Categorie: EgadiStoria

La mattanza, un rito antico che ha segnato la storia di Favignana

La mattanza a Favignana: rito e sopravvivenza, lotta e rispetto, attesa ed azione, canti e urla. Ormai fagocitata dalle esigenze del mercato globale, la mattanza della tonnara di Favignana è qualcosa a cavallo fra il mistico e la leggenda.

Eppure, nella realtà, per molto tempo è stato ciò che ha deciso le sorti dell’isola. Un lavoro di mesi che culminava in poche settimane di pesca.

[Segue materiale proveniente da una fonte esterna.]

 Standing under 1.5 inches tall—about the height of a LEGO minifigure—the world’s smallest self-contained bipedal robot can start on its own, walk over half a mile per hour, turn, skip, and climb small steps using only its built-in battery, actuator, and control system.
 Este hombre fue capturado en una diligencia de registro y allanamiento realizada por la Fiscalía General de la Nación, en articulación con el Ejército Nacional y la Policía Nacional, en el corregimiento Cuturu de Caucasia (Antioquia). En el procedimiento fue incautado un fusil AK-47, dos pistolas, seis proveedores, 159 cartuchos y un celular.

Le reti venivano calate in mare già dal mese di aprile in attesa che da lì passassero i branchi di tonni che, tra la seconda metà di maggio e la prima di giugno, lasciano l’oceano e, attraversando lo stretto di Gibilterra, arrivano fino al Mediterraneo per riprodursi. Un percorso sempre uguale, lungo la costa siciliana, che sfiorava proprio Favignana e che, proprio lì, ha fatto la fortuna dei Florio.

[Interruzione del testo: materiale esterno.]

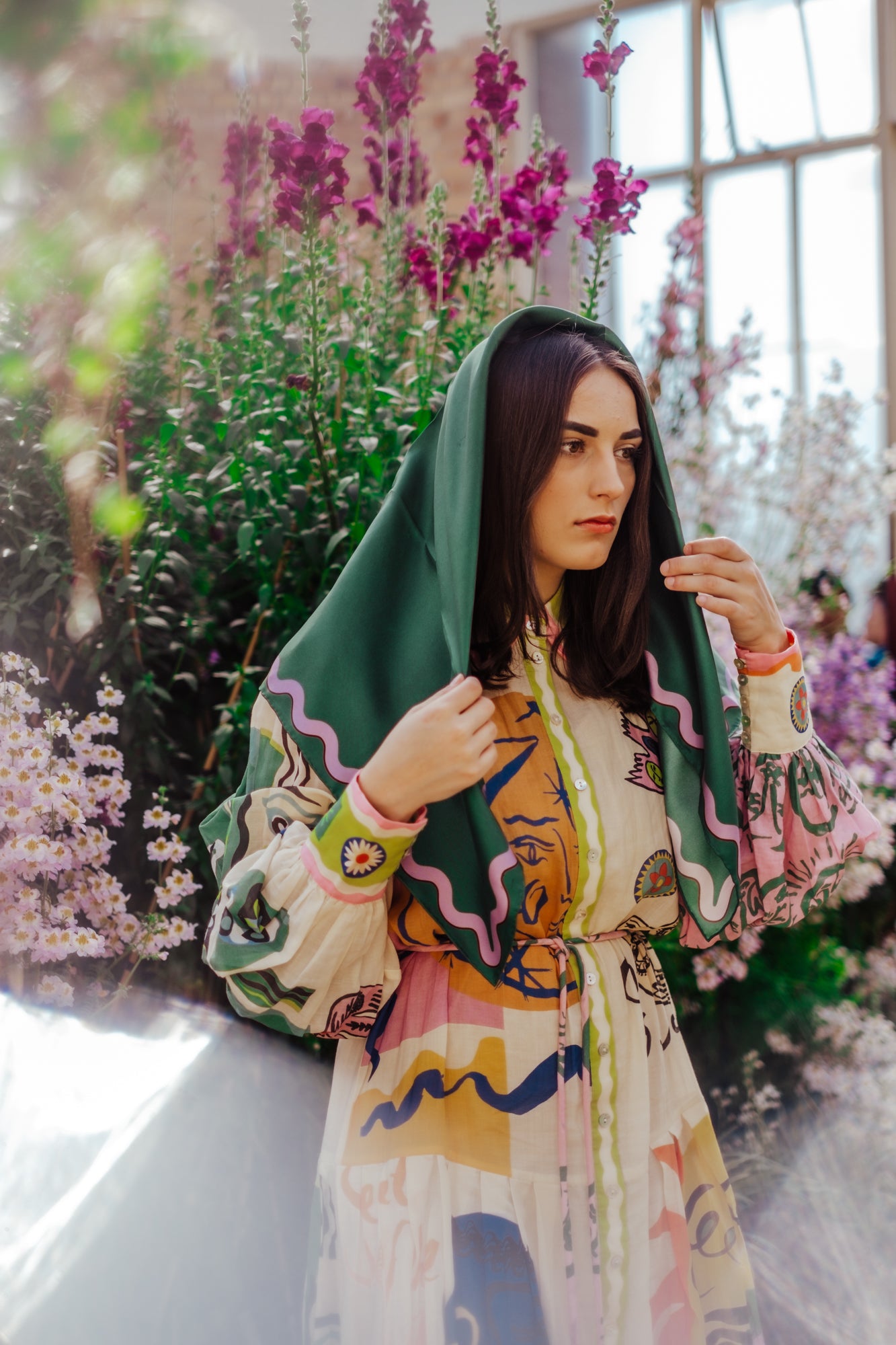 For those times when you need a plain scarf, but with a little something - Sophie is your go-to. Our Sophie scarf works well with most floral and soft-edged prints, its stylish wavy edge adding the perfect finishing touch to your outfit
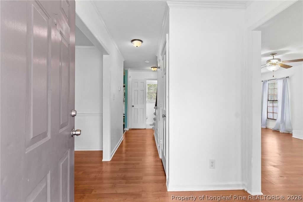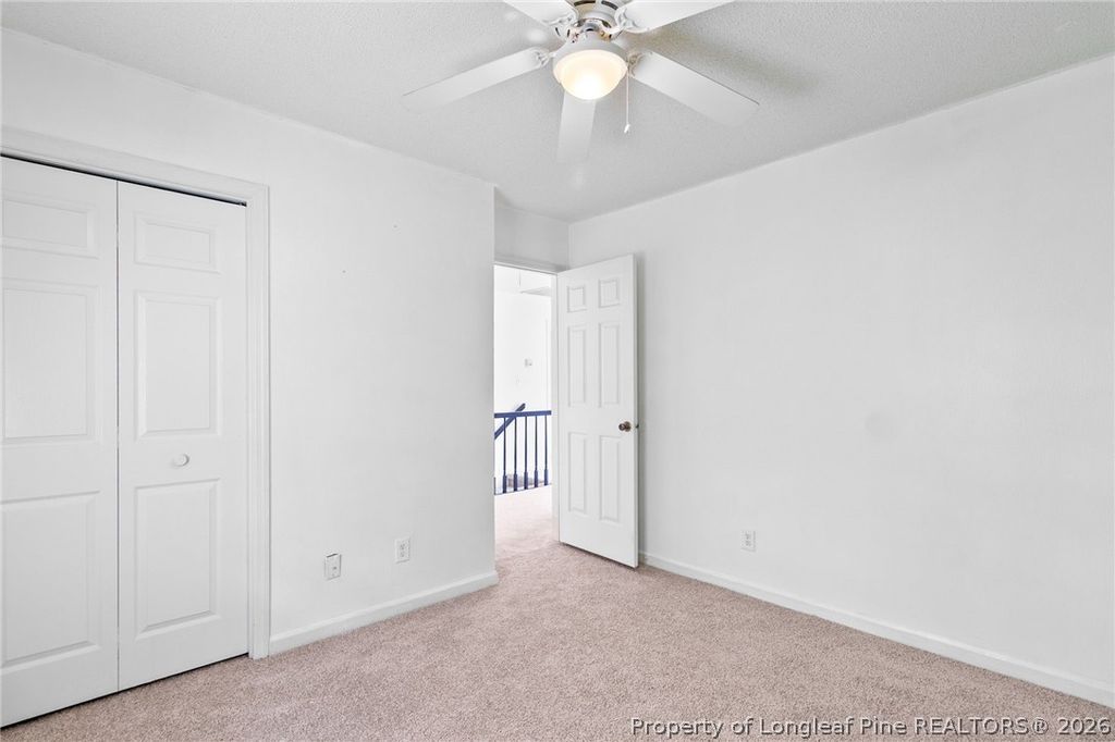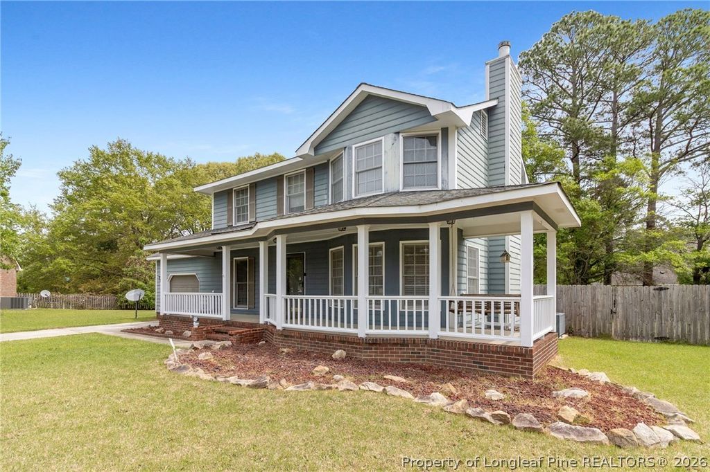 Cul-de-sac living at its best. This home features a large backyard with full privacy fencing, perfect for outdoor activities. The spacious front porch comes complete with a porch swing, making it a great spot to enjoy North Carolina weather. All bedrooms are located upstairs, including a large primary bedroom with a generous walk-in closet. The kitchen offers stainless steel appliances. Recent updates include a brand-new carpet upstairs (2026), dishwasher (2023), gas water heater (2025), HVAC unit upstairs (2020) HVAC unit downstairs repairs were done (2025), newer storm door. The crawl space was encapsulated with vents closed along with a dehumidifier (2025), adding efficiency and peace of mind. Conveniently located with an easy commute to Fort Bragg, shopping, and I-295.
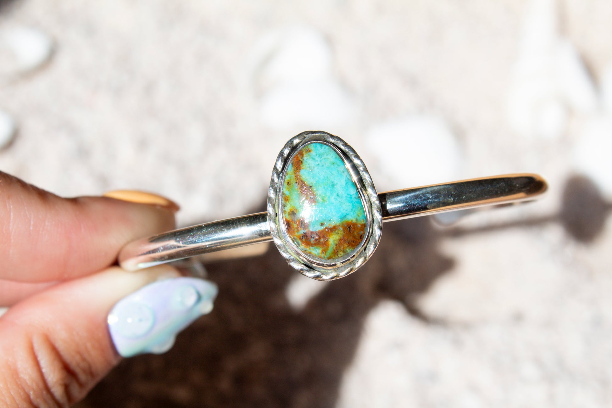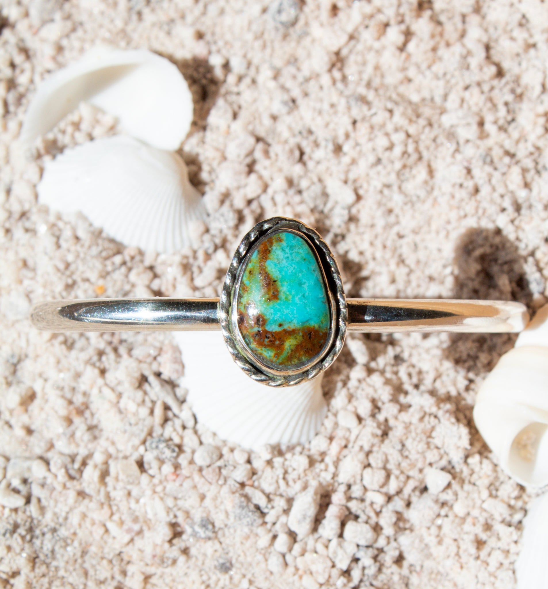 Handmade from solid sterling silver, this thick gauge cuff offers a comfortable small to medium sized fit. The center stone is a genuine Kingman turquoise stone, cut and polished in-house, with a natural matrix resembling a coastal islandscape viewed from above. This cuff is a timeless design perfect for everyday wear or stacking with your favorite summer staples!
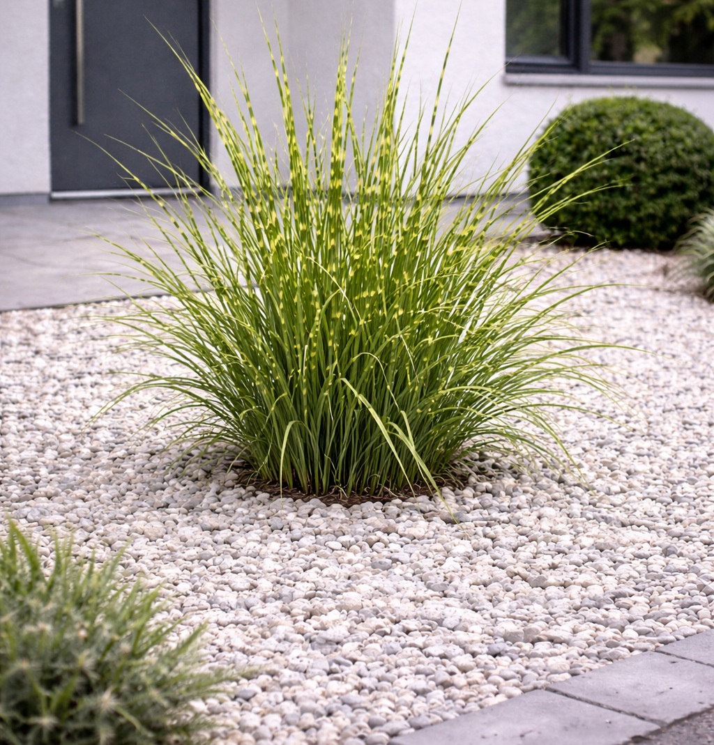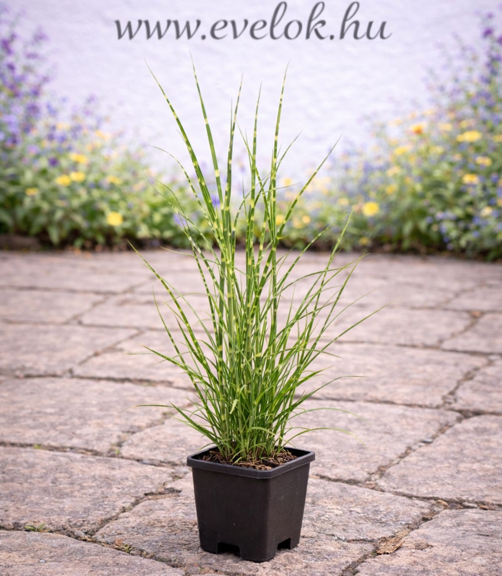 A törpe zebrasás egy igazán látványos, modern hatású díszfű, amely különleges, világoszöld levelein futó sárga harántcsíkjaival egész szezonban díszít. Közepes termetű növény, kifejlett magassága körülbelül 80–100 cm, míg szélessége 60–90 cm között alakul, így jól strukturálja az évelőágyásokat. Már lombjával is erős vizuális elemet ad a kertnek, augusztustól pedig megjelenő világosbarna virágai tovább növelik díszértékét, amelyek ősszel is mutatósak maradnak. Szoliterként, csoportosan ültetve vagy modern kertek hangsúlyos elemeként egyaránt kiváló választás.

Impossibile stabilire con precisione quando la mattanza sarebbe iniziata: bisognava aspettare pazientemente che i tonni entrassero nelle varie camere formate dalle reti e collegate fra loro da porte mobili. Le camere erano costruite in modo che, una volta entrati, i tonni non potessero più uscire. Avrebbero solo potuto procedere in avanti, fino ad arrivare alla cosiddetta “camera della morte”, l’unica ad avere la rete anche sul fondo. Lì avrebbero incontrato i tonnaroti e i loro arpioni.

A decidere quando iniziare e quando concludere la mattanza era il Rais, a cui spettava anche il compito di far disporre le barche, le muciare, nel modo corretto. Quando la mattanza stava per cominciare, con le barche disposte a quadrato, i tonnatori issavano la rete restringendo dunque lo spazio a disposizione dei tonni in modo che potessero essere arpionati più facilmente. Gesti e rituali che per tanti anni hanno scandito la vita dell’isola.

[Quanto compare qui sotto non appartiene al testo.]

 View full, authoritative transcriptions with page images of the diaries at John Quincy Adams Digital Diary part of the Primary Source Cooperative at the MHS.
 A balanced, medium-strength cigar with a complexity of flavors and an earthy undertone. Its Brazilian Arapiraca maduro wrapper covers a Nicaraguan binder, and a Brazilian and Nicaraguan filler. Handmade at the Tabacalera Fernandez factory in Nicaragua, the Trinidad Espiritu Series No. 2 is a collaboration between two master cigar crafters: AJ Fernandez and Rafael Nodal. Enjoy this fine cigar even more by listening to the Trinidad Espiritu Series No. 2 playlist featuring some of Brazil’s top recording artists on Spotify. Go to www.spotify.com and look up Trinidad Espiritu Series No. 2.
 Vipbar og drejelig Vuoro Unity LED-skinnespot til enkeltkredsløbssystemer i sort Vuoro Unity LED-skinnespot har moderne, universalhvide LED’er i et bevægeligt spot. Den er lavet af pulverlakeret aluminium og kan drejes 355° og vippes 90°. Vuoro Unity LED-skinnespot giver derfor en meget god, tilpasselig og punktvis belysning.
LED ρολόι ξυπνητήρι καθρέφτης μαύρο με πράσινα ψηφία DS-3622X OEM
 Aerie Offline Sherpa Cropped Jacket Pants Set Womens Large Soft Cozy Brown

Allo sforzo dei tonnaroti, accompagnato dai tradizionali canti, le cialome, faceva eco il rosso vivo del sangue che tingeva le acque ricordando come la mattanza non fosse spettacolo, ma lavoro, fatica, economia di un territorio. La pesca del tonno in questa zona ha origini lontane. Perfino nella Grotta del Genovese sono raffigurati due tonni. Fu praticata anche ai tempi di Fenici, Romani e Arabi e, molto più recentemente, contribuì in maniera determinante alla fortuna dei Florio.